Reflecting on her past musical endeavours, the singer sees her upcoming work as an accumulation of everything she’s ever made. And truly, you can’t classify JGrrey as one genre as her sound is multi-faceted and touches on Neo-Soul, Rock and Contemporary RnB. “I think that’s just because I’m a fan of music. I will listen to a new artist and be like ‘how the fuck did they do that? Let’s see if I can do that’ and if I can then shit, that’s a good day,” she laughs. While always being inspired by her musical heroes such as Erykah Badu, Lauryn Hill and Sade, “there’s a lot of new artists that are definitely in their bag with nostalgia” such as her current obsessions with soul singer Veda Black and Korean indie-rock band HYUKOH.
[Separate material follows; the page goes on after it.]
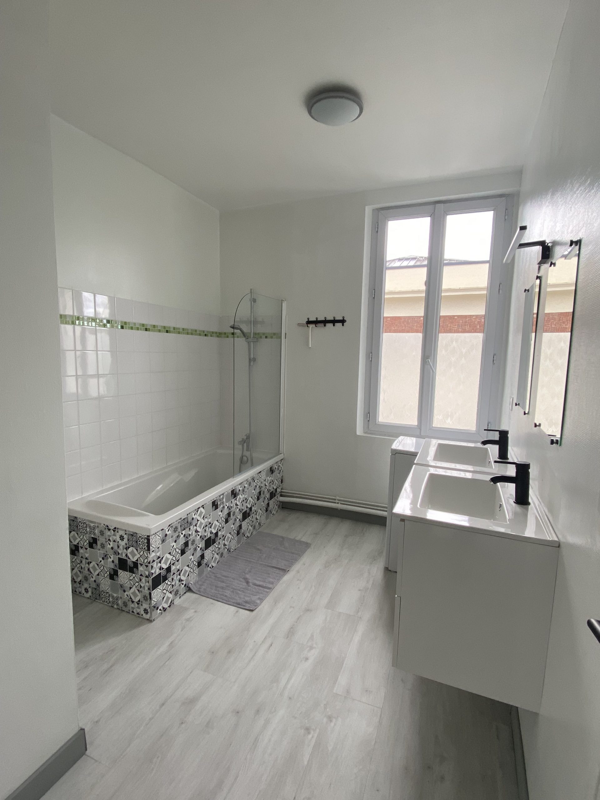 Salle de bains à double vasque, baignoire et rangements intégrés.

I think this whole music thing for me personally, is a journey and I’d like to solidify who the fuck JGrrey is in music and be respected in music.
Throughout her fresh but thriving career, JGrrey has proven that she’s not just a talented singer and songwriter but a capable and resilient artist with a clear message about believing in yourself and your dreams. It’s apparent that 2021 will see her prosper even more. “I think this whole music thing for me personally, is a journey and I’d like to solidify who the fuck JGrrey is in music and be respected in music”, she says.
It takes no effort to see that JGrrey is an artist with ambition and a clear vision of what she wants her branding, visuals and aesthetic to look and feel like in the future. Even still, the singer is aware of how her experience doesn’t have to be perfect or pertaining to anyone else’s ideals and realises how “life is one big journey, so for me to put that much pressure on myself to be like ‘by the end of the year Jen, you’re going to have your shit together’, like, no, every day is a journey even when you have your shit together you’re looking for more potential shit to get together.”